■ **TASK STATEMENT**: Please restate the data below word for word, omitting all images.

◇ ◇ ◇ ◇ ◇ ◇ ◇

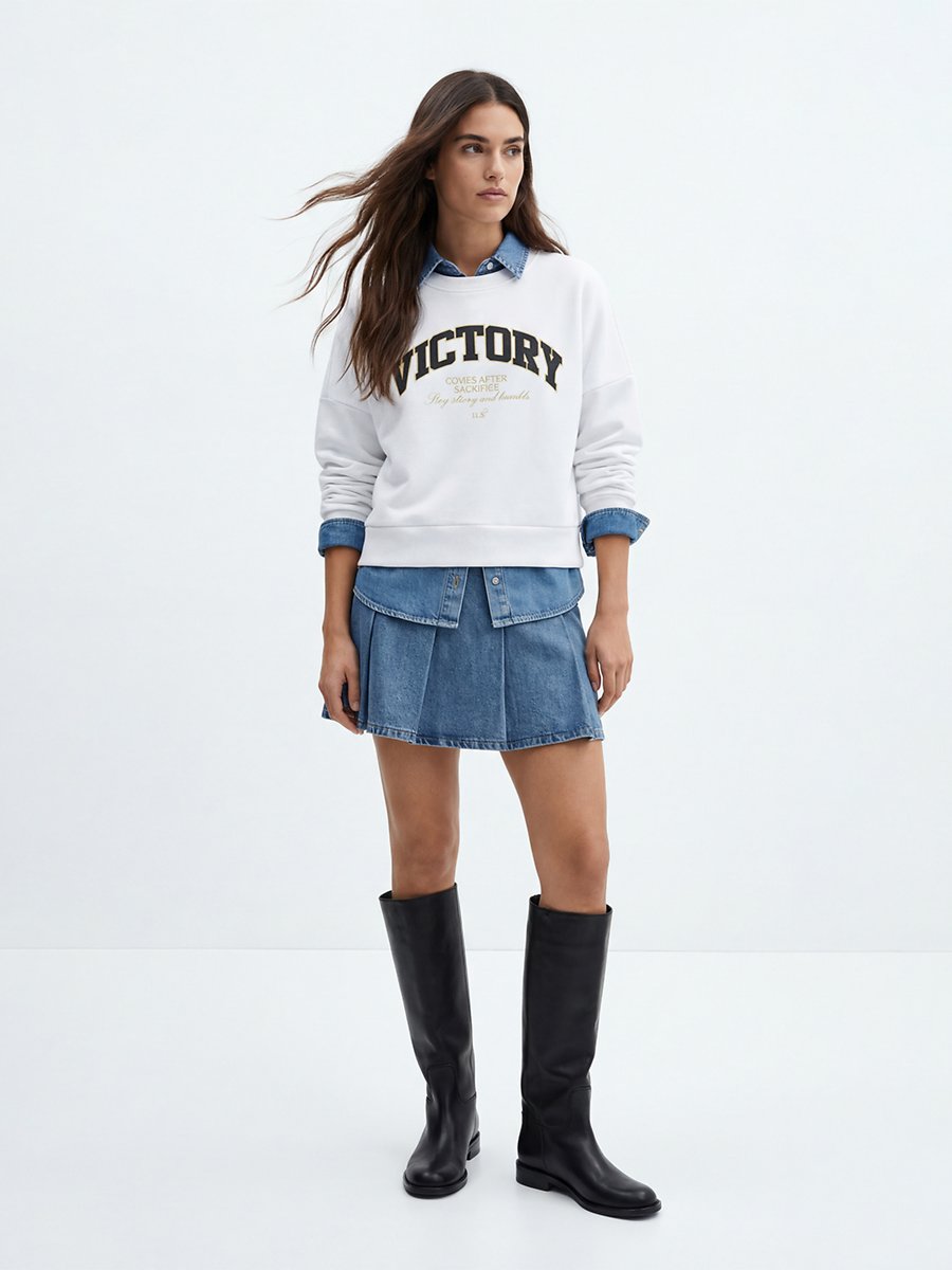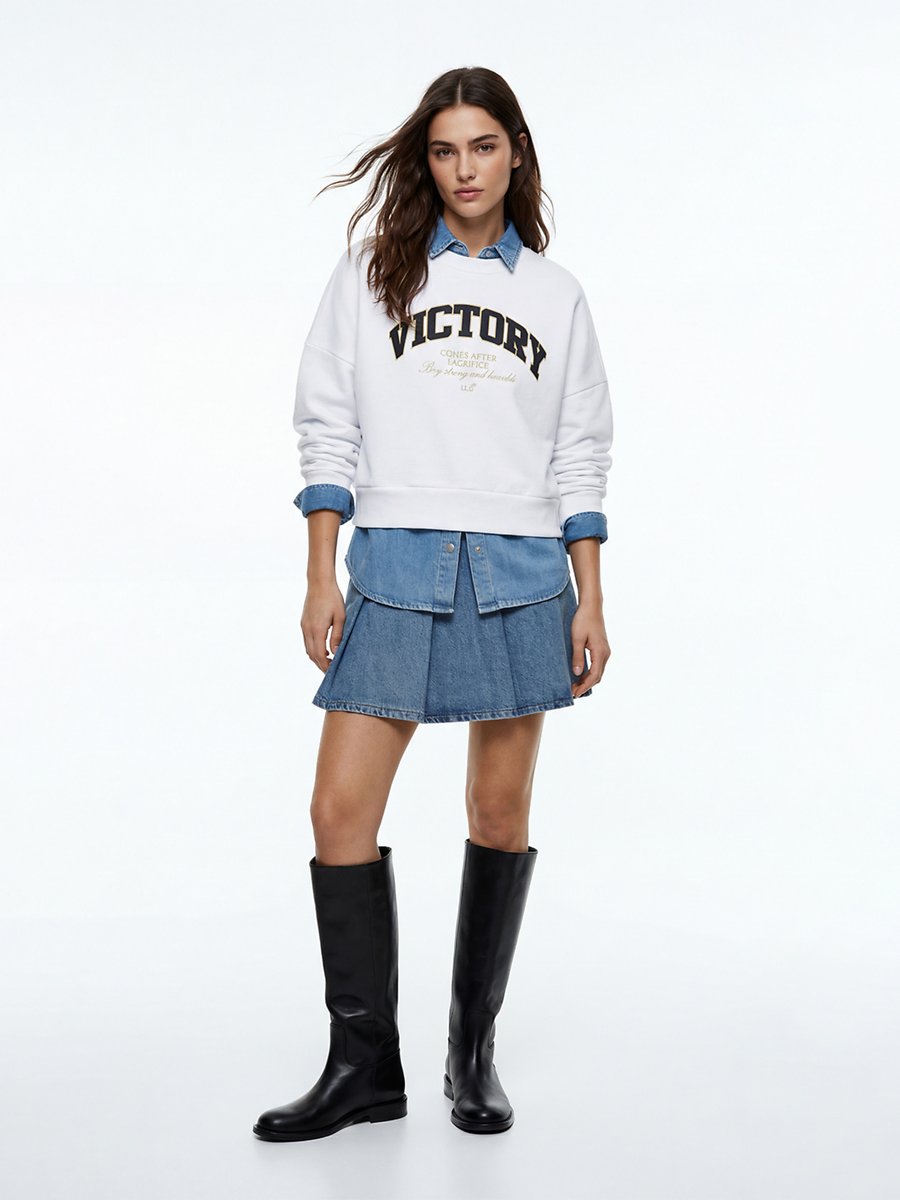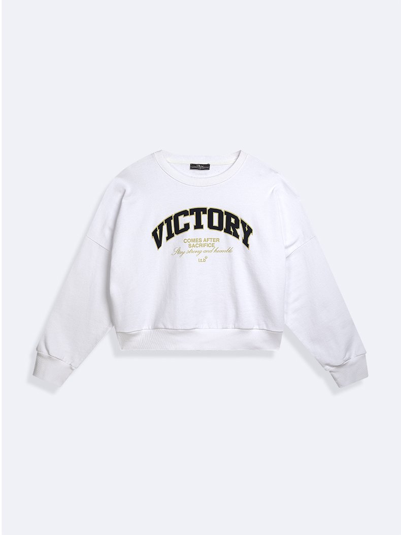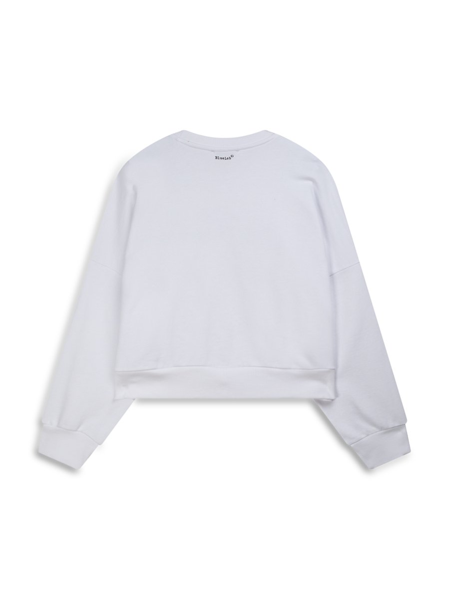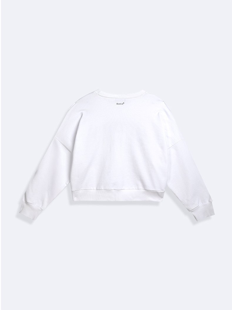 Slogan Baskılı Diagonal Relaxed Beyaz Sweatshırt
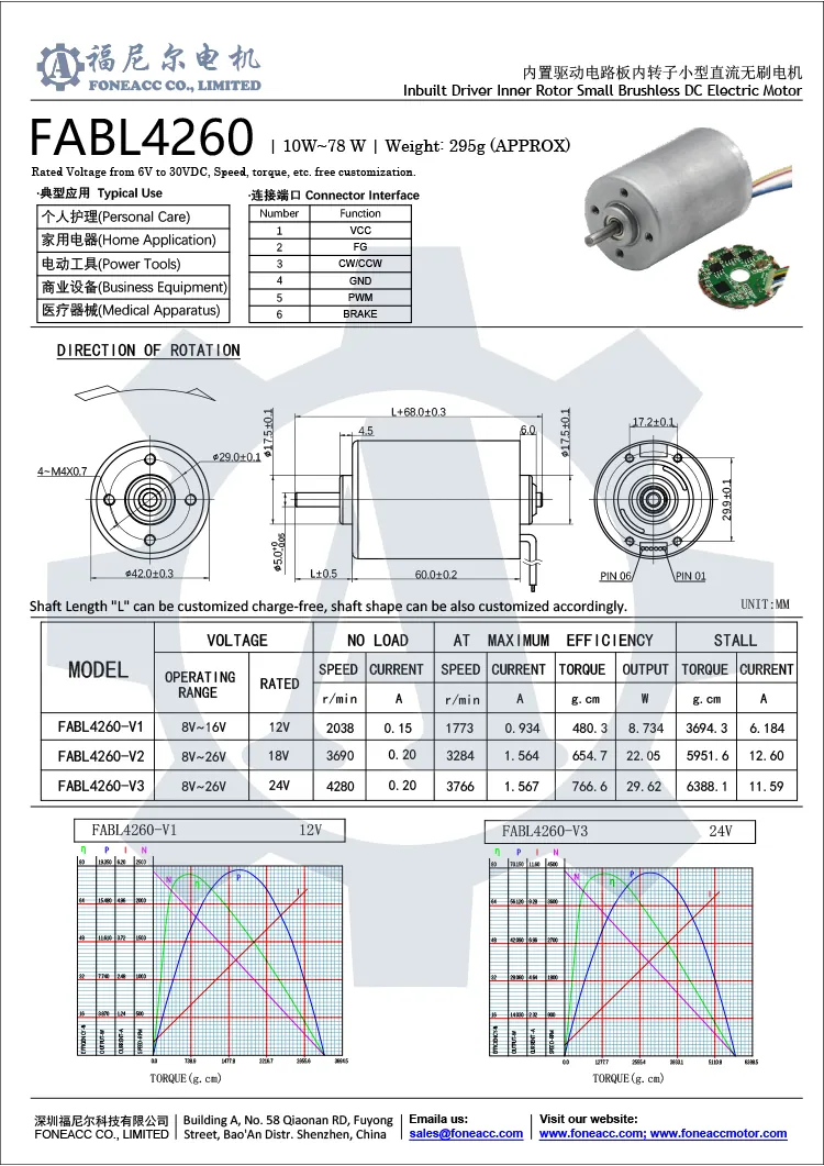 The whole inner rotor brushless dc motor with a built-in driver family is as below:
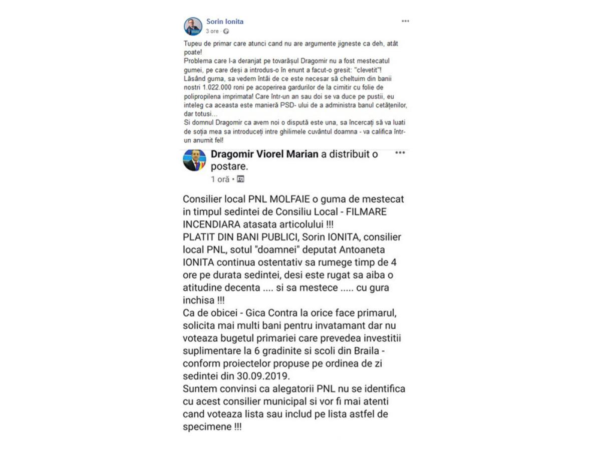 Chiar şi după ce şedinţa s-a încheiat, “războiul” pe tema gumelor de mestecat s-a mutat în mediul virtual, unde atât primarul Marian Dragomir, cât şi consilierul liberal Sorin Ioniţă au venit cu acuze unul asupra altuia.
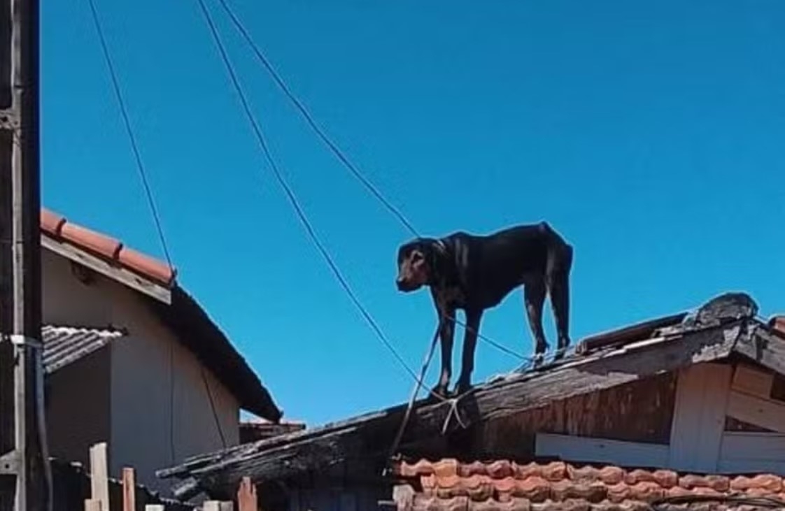 Um cão em situação de maus-tratos foi flagrado com uma corda amarrada no pescoço e enroscado perto da fiação elétrica no telhado de uma casa em Cerqueira César (SP). O animal foi resgatado na manhã desta quarta-feira (26) e levado a um abrigo.
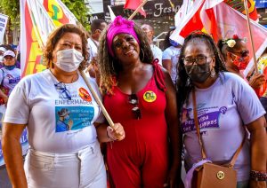 “Nós mulheres somos sempre negligenciadas. Trabalhamos mais. Temos uma tripla jornada e ganhamos menos. Temos menos reconhecimento. Sofremos com o machismo, com o preconceito, e muitas sofrem com o racimo. Isto tem que ter um fim. Precisamos ser tratadas de forma igual. Por isto estamos na rua hoje. E o Sindsaúde Bahia, também está aqui defendendo as profissionais da saúde, que estiveram na linha de frente contra a Covid 19 e precisam de reconhecimento e valorização. Nós fomos as primeiras a fritar Fora Bolsonaro e este grito está de volta”, acrescentou Ivanilda Brito, presidente do Sindsaúde Bahia.
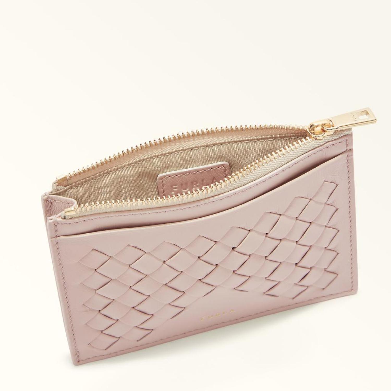 • With beautiful craftsmanship that features skilfully woven leather, this Furla Gerla card case is roomy and functional. Styled in luxurious nappa leather, it is slim enough to slide into any handbag.
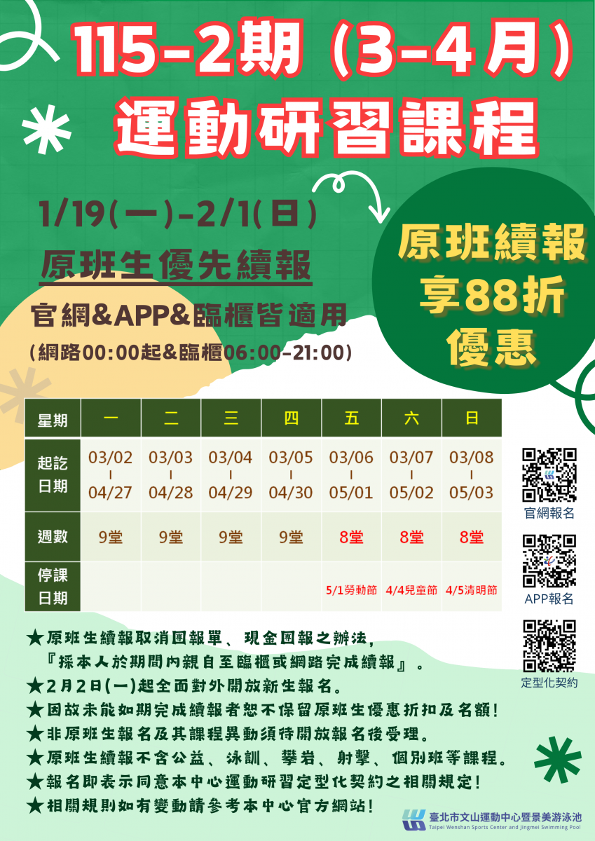 【115-2期(3-4月)運動研習課程|原班生續報期程】 ★1/19(一)~2/1(日) 原班生續報享88折優惠 ★網路、APP及臨櫃皆適用(線上00:00起;臨櫃06:00-21:00) ★新生、非原班生預計開放報名日:2月2日(星期一) ★官網報名:請點我 ★ APP 報名:請點我 建議多利用網路系統報名,方便、快速、免排隊 ★運動研習定型化契約:請點我 #運動研習 #原班生續報 #文山運動中心 #景美游泳池
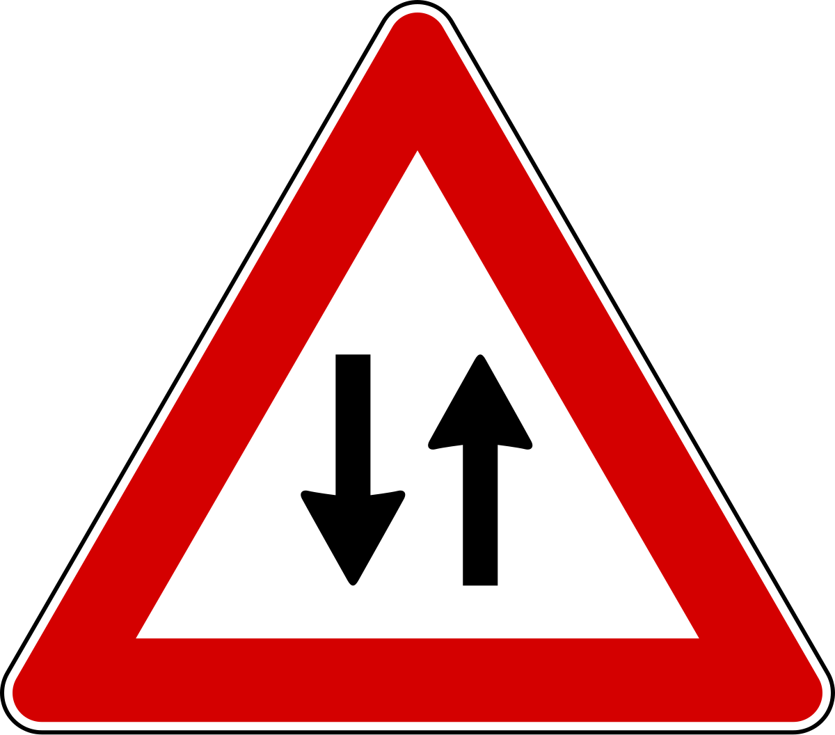 Segnale doppio senso di circolazione in alluminio o lamiera dimensioni lato triangolo 60 cm, 90 cm, 120 cm con disegno nero su sfondo bianco e bordo rosso. Fascia di prezzo: da € 23,38 a € 144,37 (IVA escl.)
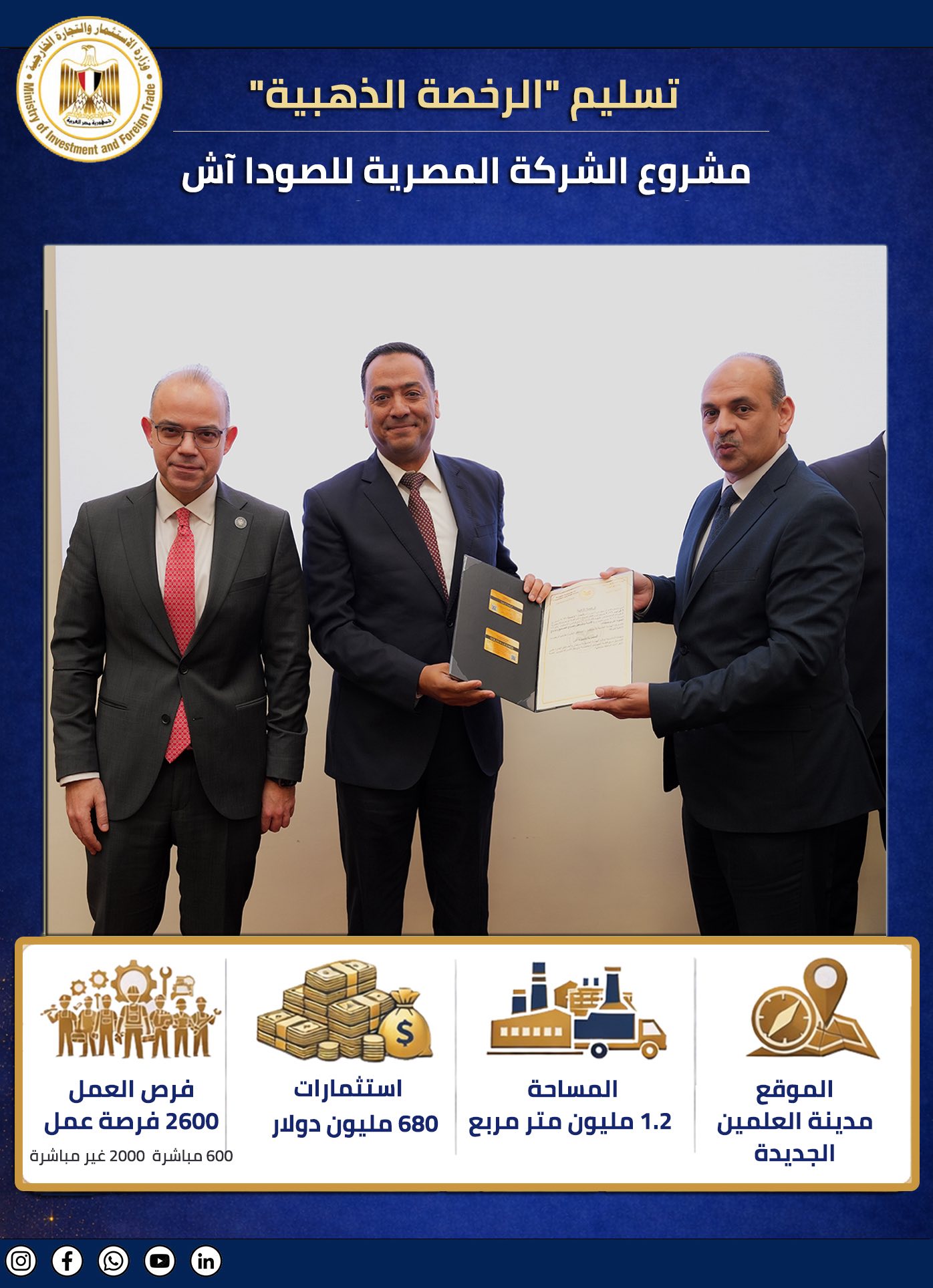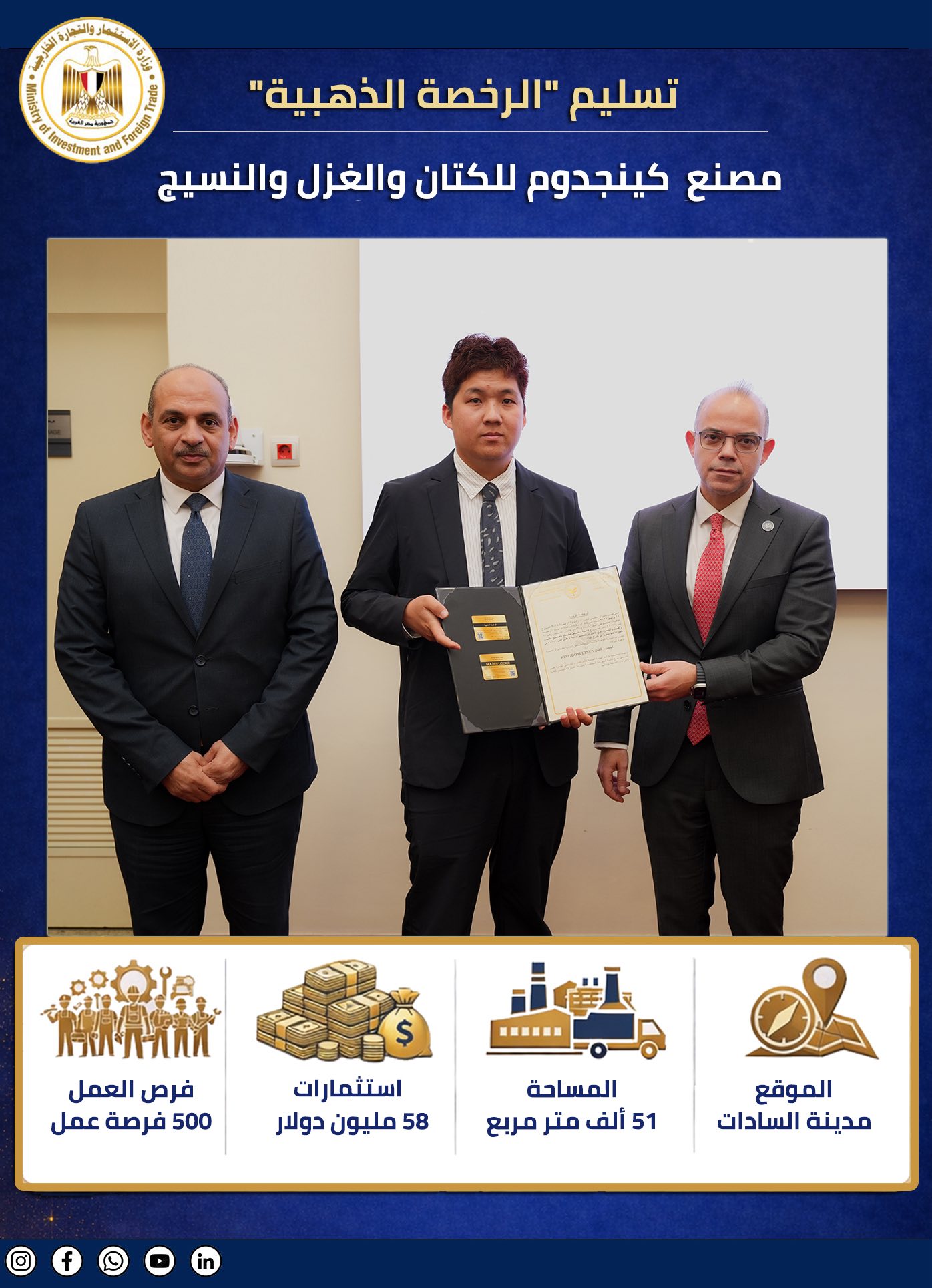 وأشارت الوزارة إلى أن الشركات الثمانية الحاصلة علي الرخص الذهبية هي : (ماك لتصنيع وسائل النقل – ميدلوج – المصرية للصودا – العلمين لمنتجات السيليكون – مصدر أي بي إتش – ديلي إيجيبت – كينجدوم للكتان- الأمير المصرية).

◇ ◇ ◇ ◇ ◇ ◇ ◇

■ **RESULT OF THIS TASK**:
 Slogan Baskılı Diagonal Relaxed Beyaz Sweatshırt
 The whole inner rotor brushless dc motor with a built-in driver family is as below:
 Chiar şi după ce şedinţa s-a încheiat, “războiul” pe tema gumelor de mestecat s-a mutat în mediul virtual, unde atât primarul Marian Dragomir, cât şi consilierul liberal Sorin Ioniţă au venit cu acuze unul asupra altuia.
 Um cão em situação de maus-tratos foi flagrado com uma corda amarrada no pescoço e enroscado perto da fiação elétrica no telhado de uma casa em Cerqueira César (SP). O animal foi resgatado na manhã desta quarta-feira (26) e levado a um abrigo.
 “Nós mulheres somos sempre negligenciadas. Trabalhamos mais. Temos uma tripla jornada e ganhamos menos. Temos menos reconhecimento. Sofremos com o machismo, com o preconceito, e muitas sofrem com o racimo. Isto tem que ter um fim. Precisamos ser tratadas de forma igual. Por isto estamos na rua hoje. E o Sindsaúde Bahia, também está aqui defendendo as profissionais da saúde, que estiveram na linha de frente contra a Covid 19 e precisam de reconhecimento e valorização. Nós fomos as primeiras a fritar Fora Bolsonaro e este grito está de volta”, acrescentou Ivanilda Brito, presidente do Sindsaúde Bahia.
 • With beautiful craftsmanship that features skilfully woven leather, this Furla Gerla card case is roomy and functional. Styled in luxurious nappa leather, it is slim enough to slide into any handbag.
 【115-2期(3-4月)運動研習課程|原班生續報期程】 ★1/19(一)~2/1(日) 原班生續報享88折優惠 ★網路、APP及臨櫃皆適用(線上00:00起;臨櫃06:00-21:00) ★新生、非原班生預計開放報名日:2月2日(星期一) ★官網報名:請點我 ★ APP 報名:請點我 建議多利用網路系統報名,方便、快速、免排隊 ★運動研習定型化契約:請點我 #運動研習 #原班生續報 #文山運動中心 #景美游泳池
 Segnale doppio senso di circolazione in alluminio o lamiera dimensioni lato triangolo 60 cm, 90 cm, 120 cm con disegno nero su sfondo bianco e bordo rosso. Fascia di prezzo: da € 23,38 a € 144,37 (IVA escl.)
 وأشارت الوزارة إلى أن الشركات الثمانية الحاصلة علي الرخص الذهبية هي : (ماك لتصنيع وسائل النقل – ميدلوج – المصرية للصودا – العلمين لمنتجات السيليكون – مصدر أي بي إتش – ديلي إيجيبت – كينجدوم للكتان- الأمير المصرية).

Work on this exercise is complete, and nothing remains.